**Records to use:**

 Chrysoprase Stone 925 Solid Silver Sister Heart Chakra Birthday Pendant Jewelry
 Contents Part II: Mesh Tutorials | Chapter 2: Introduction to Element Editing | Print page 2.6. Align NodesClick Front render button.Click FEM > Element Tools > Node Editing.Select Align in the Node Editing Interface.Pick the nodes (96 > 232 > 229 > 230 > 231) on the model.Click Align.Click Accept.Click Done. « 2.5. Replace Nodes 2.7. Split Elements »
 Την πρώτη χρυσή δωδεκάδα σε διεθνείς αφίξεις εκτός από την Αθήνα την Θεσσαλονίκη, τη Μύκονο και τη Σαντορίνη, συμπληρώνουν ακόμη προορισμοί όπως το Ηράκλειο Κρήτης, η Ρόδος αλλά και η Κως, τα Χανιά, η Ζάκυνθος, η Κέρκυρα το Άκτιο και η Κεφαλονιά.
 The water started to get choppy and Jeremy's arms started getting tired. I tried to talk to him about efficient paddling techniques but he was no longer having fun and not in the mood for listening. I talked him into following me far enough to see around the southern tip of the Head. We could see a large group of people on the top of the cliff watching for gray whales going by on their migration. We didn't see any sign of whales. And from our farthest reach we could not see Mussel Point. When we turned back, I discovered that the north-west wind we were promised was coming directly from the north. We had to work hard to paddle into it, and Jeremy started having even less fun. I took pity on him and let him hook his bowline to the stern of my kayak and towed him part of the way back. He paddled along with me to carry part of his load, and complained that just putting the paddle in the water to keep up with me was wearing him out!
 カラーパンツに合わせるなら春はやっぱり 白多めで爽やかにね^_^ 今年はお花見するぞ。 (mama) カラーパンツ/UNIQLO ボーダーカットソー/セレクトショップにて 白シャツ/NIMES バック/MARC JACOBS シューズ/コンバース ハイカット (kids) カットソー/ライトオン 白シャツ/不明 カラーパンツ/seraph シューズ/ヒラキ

...

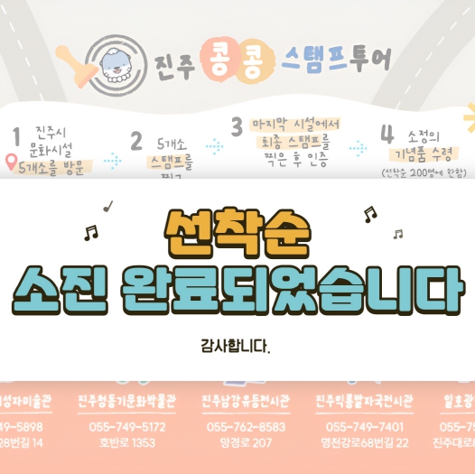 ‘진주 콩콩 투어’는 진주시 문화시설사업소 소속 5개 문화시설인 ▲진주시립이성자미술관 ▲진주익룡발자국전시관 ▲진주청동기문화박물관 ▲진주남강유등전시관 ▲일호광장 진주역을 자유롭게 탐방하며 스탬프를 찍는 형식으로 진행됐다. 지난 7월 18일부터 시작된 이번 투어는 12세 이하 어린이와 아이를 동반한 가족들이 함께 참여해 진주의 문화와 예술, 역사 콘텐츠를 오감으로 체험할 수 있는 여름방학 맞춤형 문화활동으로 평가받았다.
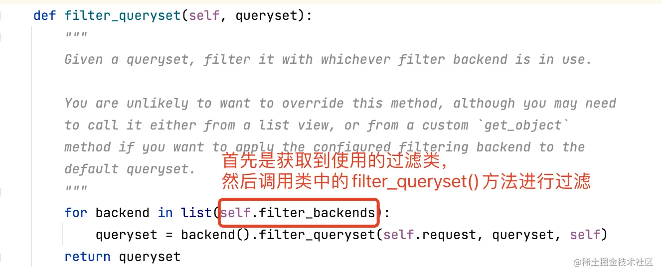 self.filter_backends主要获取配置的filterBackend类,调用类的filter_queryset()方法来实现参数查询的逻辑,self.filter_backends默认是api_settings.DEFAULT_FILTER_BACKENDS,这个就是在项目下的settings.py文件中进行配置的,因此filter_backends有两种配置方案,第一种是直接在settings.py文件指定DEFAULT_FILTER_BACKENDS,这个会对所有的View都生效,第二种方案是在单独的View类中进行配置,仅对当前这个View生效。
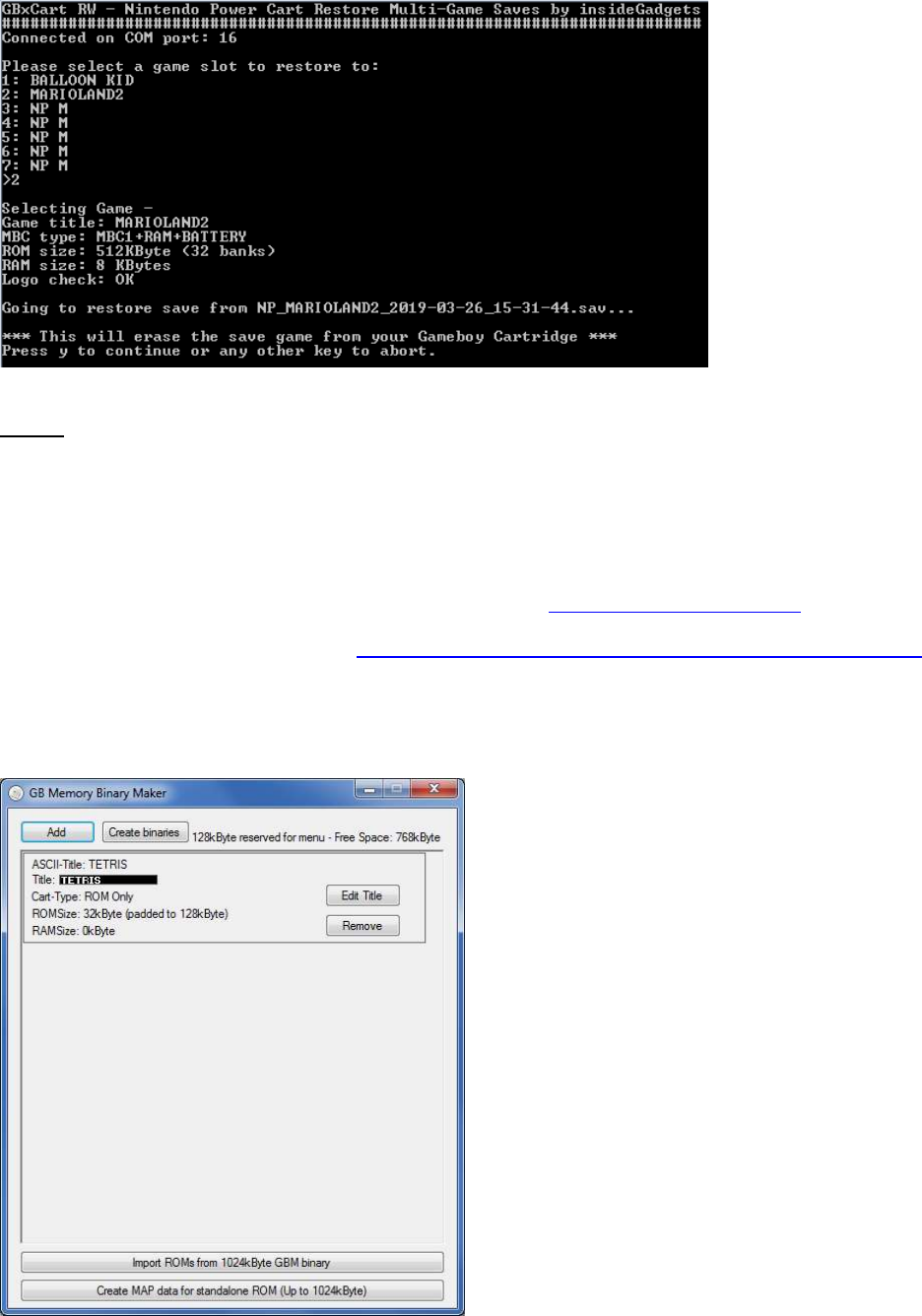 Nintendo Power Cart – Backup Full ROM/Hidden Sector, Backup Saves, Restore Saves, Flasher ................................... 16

**The problem:**
Could you transcribe the entries above word for word, from the line with "Chrysoprase Stone 925" down to the line with "The water started", keeping both?

**Result of the task:**
 Chrysoprase Stone 925 Solid Silver Sister Heart Chakra Birthday Pendant Jewelry
 Contents Part II: Mesh Tutorials | Chapter 2: Introduction to Element Editing | Print page 2.6. Align NodesClick Front render button.Click FEM > Element Tools > Node Editing.Select Align in the Node Editing Interface.Pick the nodes (96 > 232 > 229 > 230 > 231) on the model.Click Align.Click Accept.Click Done. « 2.5. Replace Nodes 2.7. Split Elements »
 Την πρώτη χρυσή δωδεκάδα σε διεθνείς αφίξεις εκτός από την Αθήνα την Θεσσαλονίκη, τη Μύκονο και τη Σαντορίνη, συμπληρώνουν ακόμη προορισμοί όπως το Ηράκλειο Κρήτης, η Ρόδος αλλά και η Κως, τα Χανιά, η Ζάκυνθος, η Κέρκυρα το Άκτιο και η Κεφαλονιά.
 The water started to get choppy and Jeremy's arms started getting tired. I tried to talk to him about efficient paddling techniques but he was no longer having fun and not in the mood for listening. I talked him into following me far enough to see around the southern tip of the Head. We could see a large group of people on the top of the cliff watching for gray whales going by on their migration. We didn't see any sign of whales. And from our farthest reach we could not see Mussel Point. When we turned back, I discovered that the north-west wind we were promised was coming directly from the north. We had to work hard to paddle into it, and Jeremy started having even less fun. I took pity on him and let him hook his bowline to the stern of my kayak and towed him part of the way back. He paddled along with me to carry part of his load, and complained that just putting the paddle in the water to keep up with me was wearing him out!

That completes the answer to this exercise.